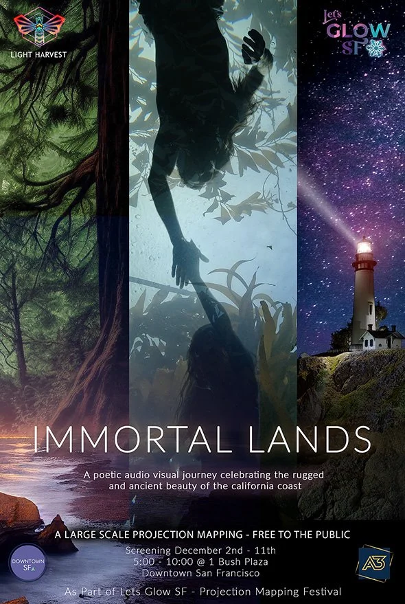 Lighting up Embarcadero in downtown SF, Immortal Lands is a poetic audio visual journey celebrating the rugged and ancient beauty of the California Coast.
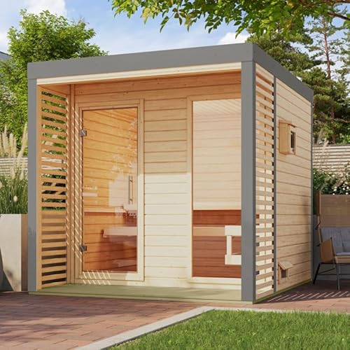 Karibu Hytti | Sauna Extérieur 5 Places en Bois Massif Épicéa Nordique 38mm | Gris Terre avec Poêle 9KW Contrôle Externe | Dimensions 231x196cm | Toit Plat, Porte Isolante
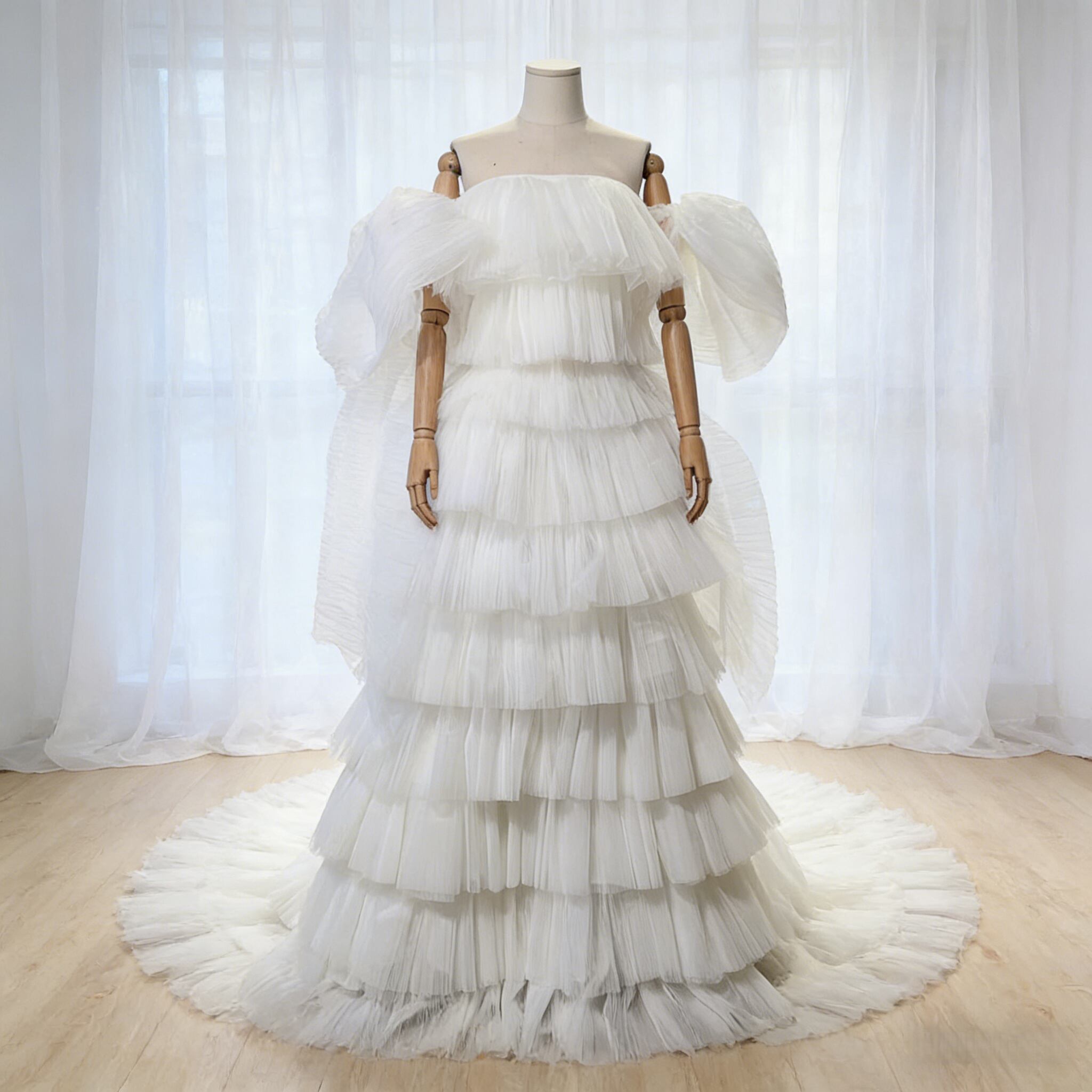 ウェディングドレス ベアトップ ふっくら柔らかなリボン姫袖 プリーツスカート ボリュームドレス 前撮り
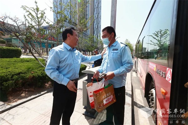5月19日上午,威海公交集团党委书记、董事长曲波,党委副书记、工会主席王亚丽前往实验中学及威高广场枢纽站,看望慰问一线驾驶员并送上慰问品。
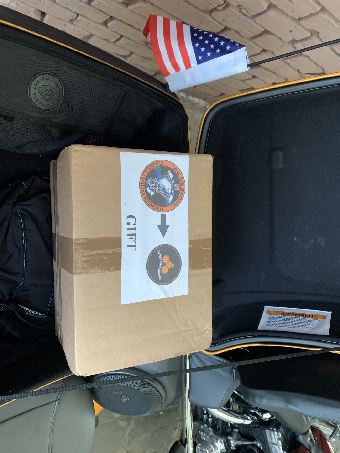 Uns hat ein Paket erreicht auf dem “GIFT” aufgedruckt ist.
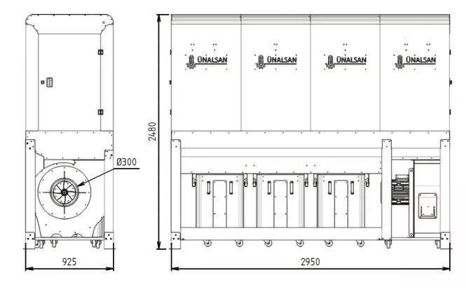 Корпус аспирационной установки полностью закрыт металлическим кожухом, где все стыки листового металла герметизированы силиконом. Это позволяет использовать установку не только внутри цеха, но и на улице. При наружной установке аспирации, в верху кожуха есть технологические отверстия для подсоединения воздуховодов, для возврата отфильтрованного теплого воздуха назад в производственный цех.
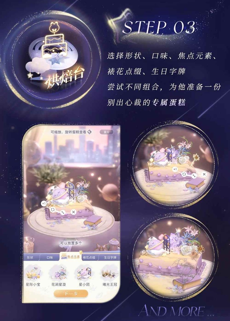 生日当天,将精心筹备的「生日蛋糕」与「祝福贺卡」送到他手中,开启他的「生日祝福互动剧情」。

Assignment:
Repeat the listing above up to and including the line with "5月19日上午,威海公交集团", starting from its first line. Drop any pictures.

Output of the exercise:
 Lighting up Embarcadero in downtown SF, Immortal Lands is a poetic audio visual journey celebrating the rugged and ancient beauty of the California Coast.
 Karibu Hytti | Sauna Extérieur 5 Places en Bois Massif Épicéa Nordique 38mm | Gris Terre avec Poêle 9KW Contrôle Externe | Dimensions 231x196cm | Toit Plat, Porte Isolante
 ウェディングドレス ベアトップ ふっくら柔らかなリボン姫袖 プリーツスカート ボリュームドレス 前撮り
5月19日上午,威海公交集团党委书记、董事长曲波,党委副书记、工会主席王亚丽前往实验中学及威高广场枢纽站,看望慰问一线驾驶员并送上慰问品。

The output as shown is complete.